• _REQUIRED ACTION_
Reproduce exactly the lines of the listing from the one containing "I just got something" to its final line, both included.
= = =
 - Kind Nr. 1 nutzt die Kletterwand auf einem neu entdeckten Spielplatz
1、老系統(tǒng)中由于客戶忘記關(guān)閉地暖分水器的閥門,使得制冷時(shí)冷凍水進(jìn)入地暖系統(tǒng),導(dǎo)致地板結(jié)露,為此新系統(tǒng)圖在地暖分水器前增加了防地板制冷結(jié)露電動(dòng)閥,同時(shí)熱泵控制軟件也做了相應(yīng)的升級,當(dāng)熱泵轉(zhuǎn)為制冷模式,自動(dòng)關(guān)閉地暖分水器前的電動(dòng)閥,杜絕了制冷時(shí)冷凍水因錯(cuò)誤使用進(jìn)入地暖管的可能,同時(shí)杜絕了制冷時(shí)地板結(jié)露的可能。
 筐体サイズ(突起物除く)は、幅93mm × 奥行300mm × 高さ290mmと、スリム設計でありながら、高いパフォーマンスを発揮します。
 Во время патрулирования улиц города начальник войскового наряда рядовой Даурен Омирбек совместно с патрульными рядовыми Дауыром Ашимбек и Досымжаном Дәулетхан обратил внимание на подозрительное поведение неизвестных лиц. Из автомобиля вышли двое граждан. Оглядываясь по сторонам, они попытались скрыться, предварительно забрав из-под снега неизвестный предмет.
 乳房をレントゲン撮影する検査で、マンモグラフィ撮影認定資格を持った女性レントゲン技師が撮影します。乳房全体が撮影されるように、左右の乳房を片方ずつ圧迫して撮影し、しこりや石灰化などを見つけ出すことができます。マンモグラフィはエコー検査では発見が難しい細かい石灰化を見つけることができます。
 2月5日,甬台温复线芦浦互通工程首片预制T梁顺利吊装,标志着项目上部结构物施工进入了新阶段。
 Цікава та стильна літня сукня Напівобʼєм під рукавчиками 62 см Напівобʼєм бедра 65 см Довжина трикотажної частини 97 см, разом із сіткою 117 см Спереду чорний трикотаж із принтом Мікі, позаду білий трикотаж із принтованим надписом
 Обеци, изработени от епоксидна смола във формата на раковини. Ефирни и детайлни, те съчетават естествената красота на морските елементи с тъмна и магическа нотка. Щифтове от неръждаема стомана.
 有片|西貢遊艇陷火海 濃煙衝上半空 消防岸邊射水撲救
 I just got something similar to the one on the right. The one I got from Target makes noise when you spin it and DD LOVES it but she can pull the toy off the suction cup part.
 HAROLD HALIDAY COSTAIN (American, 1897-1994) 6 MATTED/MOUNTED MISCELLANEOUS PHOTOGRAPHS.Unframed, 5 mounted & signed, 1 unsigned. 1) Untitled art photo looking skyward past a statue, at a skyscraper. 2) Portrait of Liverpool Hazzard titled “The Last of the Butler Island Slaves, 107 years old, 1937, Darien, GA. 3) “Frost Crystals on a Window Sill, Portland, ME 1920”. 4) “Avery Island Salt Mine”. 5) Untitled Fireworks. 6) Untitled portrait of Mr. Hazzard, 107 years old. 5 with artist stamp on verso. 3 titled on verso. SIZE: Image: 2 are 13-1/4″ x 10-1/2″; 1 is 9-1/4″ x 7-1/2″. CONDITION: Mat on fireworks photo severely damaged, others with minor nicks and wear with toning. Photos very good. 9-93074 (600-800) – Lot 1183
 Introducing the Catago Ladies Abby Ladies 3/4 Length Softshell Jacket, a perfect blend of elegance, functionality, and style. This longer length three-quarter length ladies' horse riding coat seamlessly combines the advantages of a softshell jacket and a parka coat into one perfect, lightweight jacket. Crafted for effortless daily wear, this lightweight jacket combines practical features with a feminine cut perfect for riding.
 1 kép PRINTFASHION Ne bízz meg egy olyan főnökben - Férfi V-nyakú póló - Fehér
= = =
• _RESULT FOR THIS EXERCISE_
 I just got something similar to the one on the right. The one I got from Target makes noise when you spin it and DD LOVES it but she can pull the toy off the suction cup part.
 HAROLD HALIDAY COSTAIN (American, 1897-1994) 6 MATTED/MOUNTED MISCELLANEOUS PHOTOGRAPHS.Unframed, 5 mounted & signed, 1 unsigned. 1) Untitled art photo looking skyward past a statue, at a skyscraper. 2) Portrait of Liverpool Hazzard titled “The Last of the Butler Island Slaves, 107 years old, 1937, Darien, GA. 3) “Frost Crystals on a Window Sill, Portland, ME 1920”. 4) “Avery Island Salt Mine”. 5) Untitled Fireworks. 6) Untitled portrait of Mr. Hazzard, 107 years old. 5 with artist stamp on verso. 3 titled on verso. SIZE: Image: 2 are 13-1/4″ x 10-1/2″; 1 is 9-1/4″ x 7-1/2″. CONDITION: Mat on fireworks photo severely damaged, others with minor nicks and wear with toning. Photos very good. 9-93074 (600-800) – Lot 1183
 Introducing the Catago Ladies Abby Ladies 3/4 Length Softshell Jacket, a perfect blend of elegance, functionality, and style. This longer length three-quarter length ladies' horse riding coat seamlessly combines the advantages of a softshell jacket and a parka coat into one perfect, lightweight jacket. Crafted for effortless daily wear, this lightweight jacket combines practical features with a feminine cut perfect for riding.
 1 kép PRINTFASHION Ne bízz meg egy olyan főnökben - Férfi V-nyakú póló - Fehér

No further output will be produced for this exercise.